A MOTORIST has been told to “pack his bag” for prison after he was convicted of an 80mph pursuit through residential streets.
Leon Hendry, 30, claimed he wasn’t at the wheel of his father’s Audi as it tried to escape from police through Acomb and Foxwood.
He agreed with police officer Richard Harrison that he had got out of the driver’s door after the car crashed, but claimed the real driver had got out of the passenger door.
The jury took under half an hour to convict him unanimously of dangerous driving.
Hendry, of Park Grove, The Groves, had denied the charge.
The Recorder of York, Judge Sean Morris, adjourned sentence until September 14 while probation officers prepare a report on him, and told him: “I am granting you bail because it will give you the chance to get your affairs in order.
“You had better bring your bag.“
He told the jury: “This was a police chase, which I always regard as exceptionally serious. It will be prison.”
Sgt Harrison told the jury he was in a marked police car on November 11 at 1.50am on Gale Lane near Tudor Road.
He saw a car come towards him and turn into Cornlands Road in what he considered to be an “evasive” manoeuvre.
So he turned on his blue lights to get it to stop and followed it.
The three-door Audi twice drove round a circuit of Lown Hill, Tennent Road and Cornlands Road at between 50mph and 70mph. The speed limit there is 30mph and the roads had parked cars on them, said Sgt Harrison.
The Audi drove along St Stephen’s Road, Thoresby Road, Cornlands Road and Askham Lane where it went through the 20mph zone outside Westfield School at 80mph to 90mph.
It went along Front Street to the roundabout outside Morrison’s and back again, then down Gale Lane, Cornlands Road, St Stephen’s Road and Gale Lane to Foxwood Lane.
It was doing about 50mph as it tried to turn right at Foxwood shops and crashed into some conifers, said Sgt Harrison. He saw two people get out of the car and run off, one from the driver’s door, who was arrested later, and one from the passenger door.
Giving evidence, Hendry claimed that he had taken cocaine before walking to a shop to buy some alcohol.
He alleged the Audi had pulled alongside him, with a friend in the passenger seat and a stranger driving, and he had got in and “slumped” in the back seat.
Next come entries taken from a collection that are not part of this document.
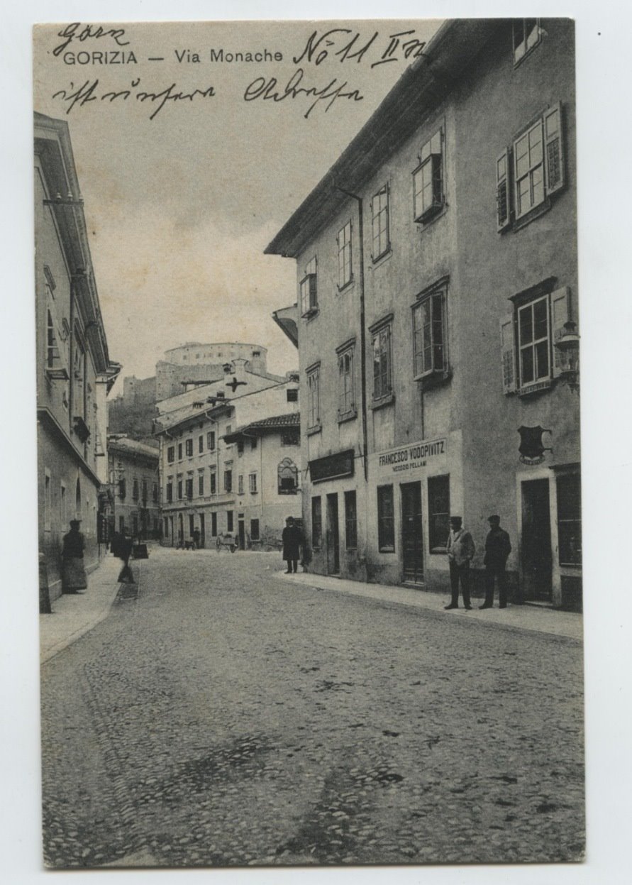 | NOTE | Sul verso: "[logo] SDM Modiano Trieste 7379". Cartolina viaggiata il 05.05.1907. La veduta riprende via delle Monache dall'ultimo tratto di via del Municipio, attuale via Mazzini, dove Francesco Vodopivitz - la cui insegna si legge sull'edificio a destra - aveva il proprio negozio di pellami. |
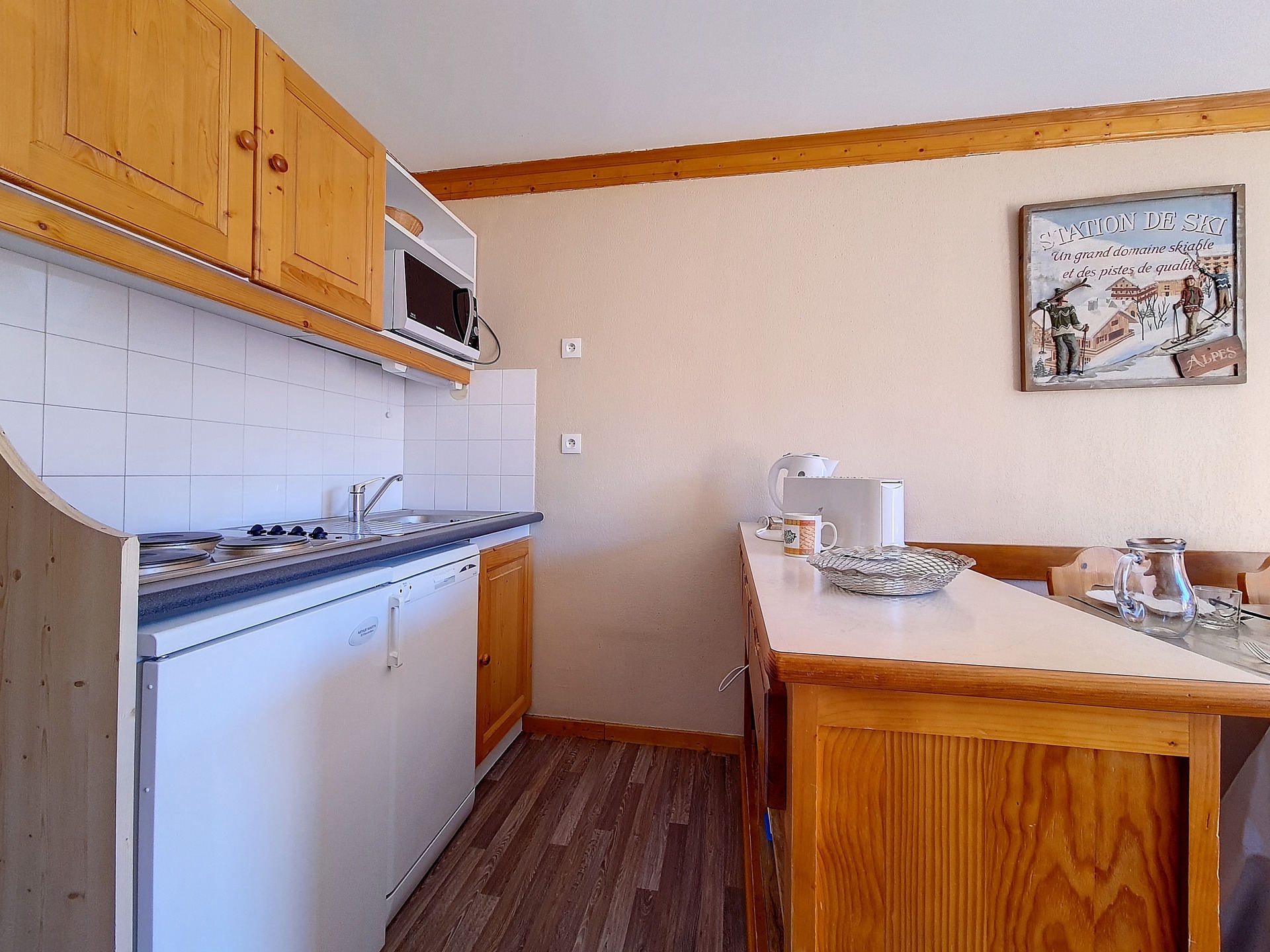 Cuisine équipée de 4 plaques électriques, micro-ondes, réfrigérateur, lave-vaisselle, bouilloire, cafetière et grille-pain.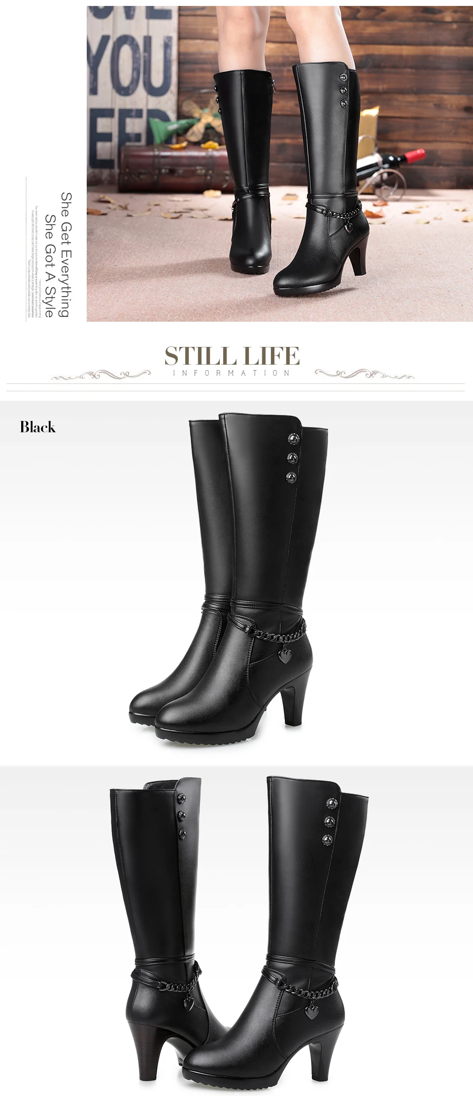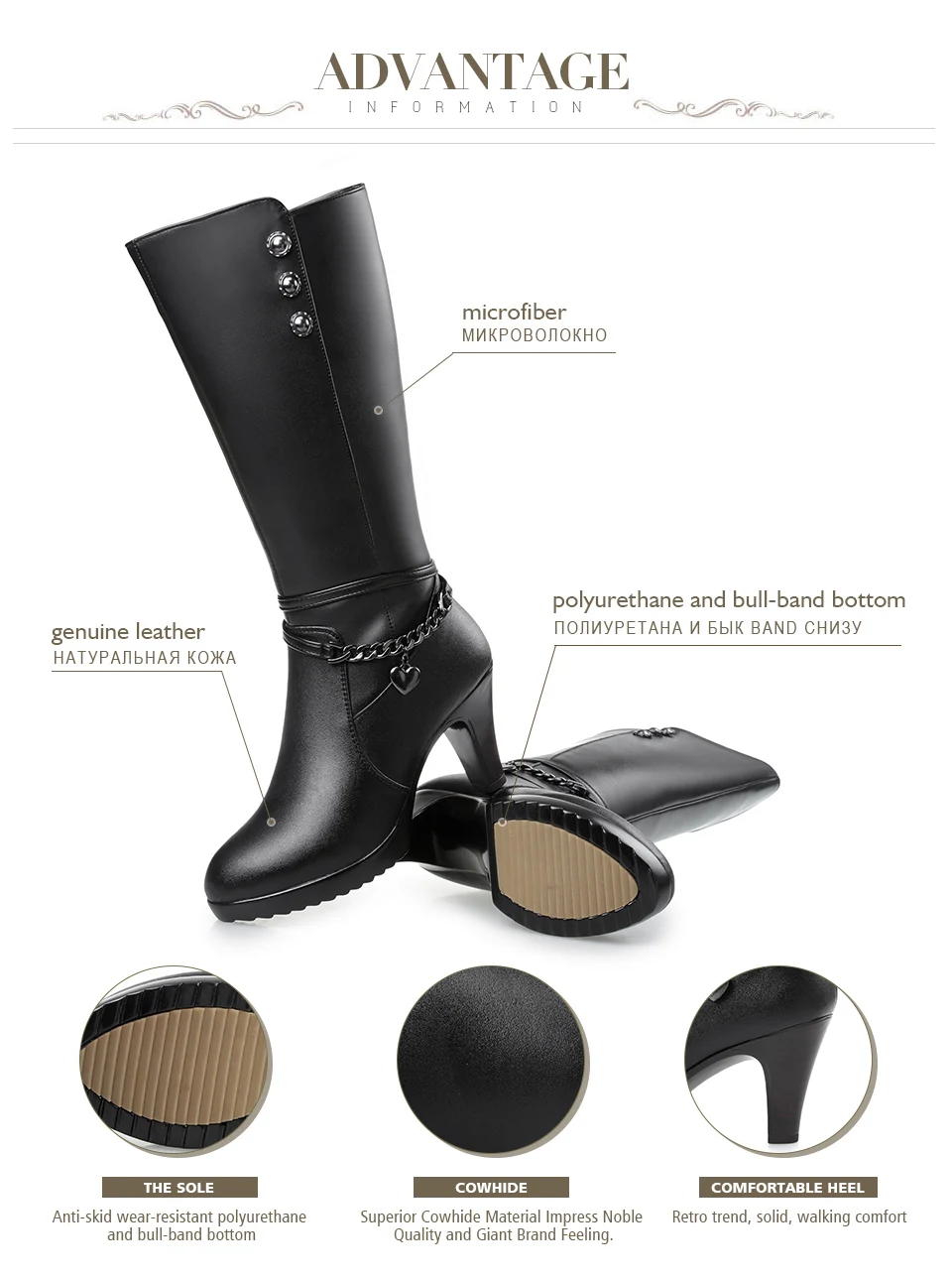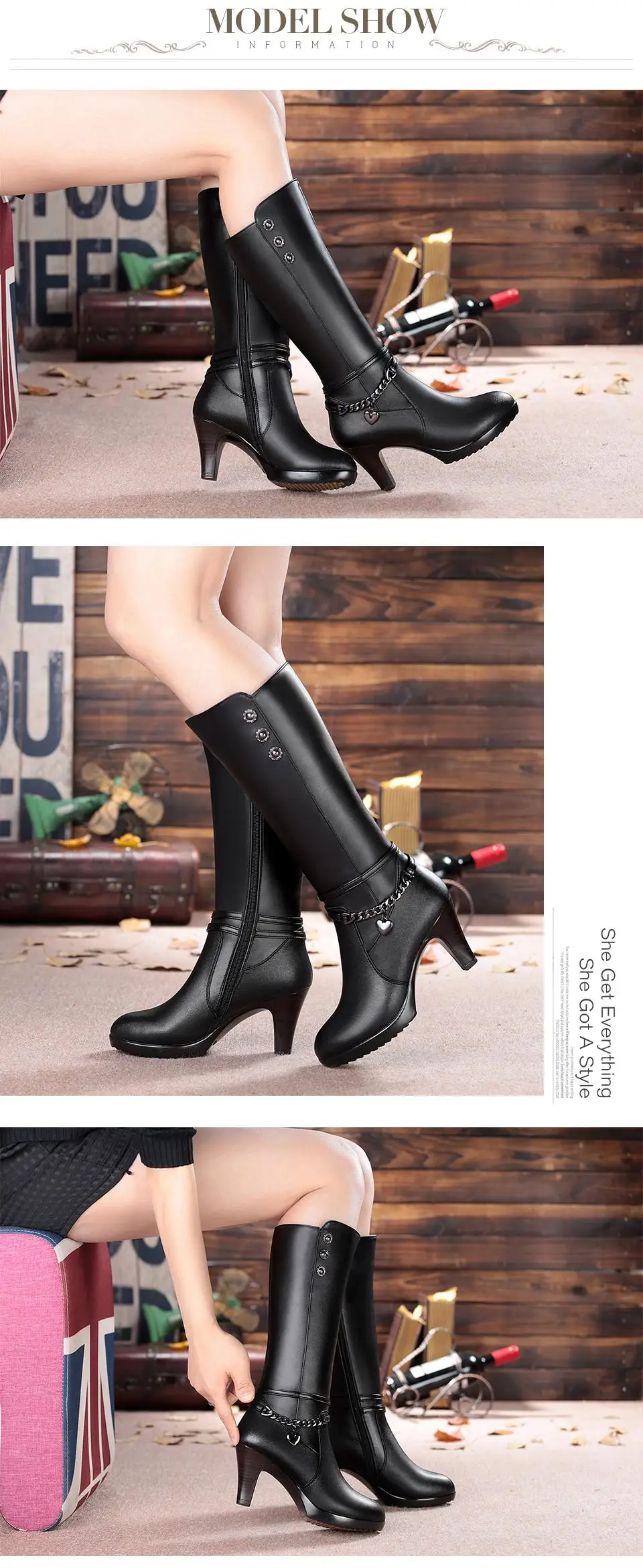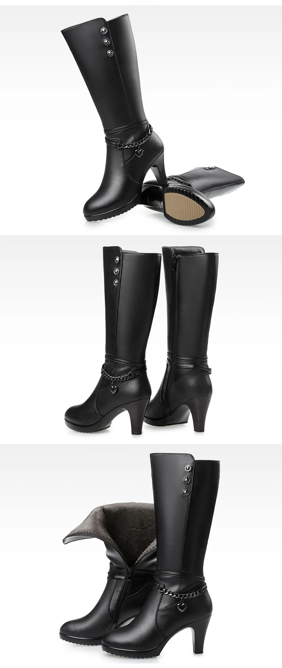 Ladies winter shoes, Woman boots, high-heeled Shoes, Genuine Leather Shoes, motorcycle boots, thick Shoes, Warm Ladies Shoes, winter boots, riding Boot

He claimed he had told the driver to slow down during the police chase.
When the car crashed, he claimed someone had shouted “run, run, run”.
His friend had got out of the passenger door, followed by the stranger who had clambered over the central console.
He himself had then clambered over from the back and gone out the driver’s door, he claimed.
He had run off through panic and adrenaline.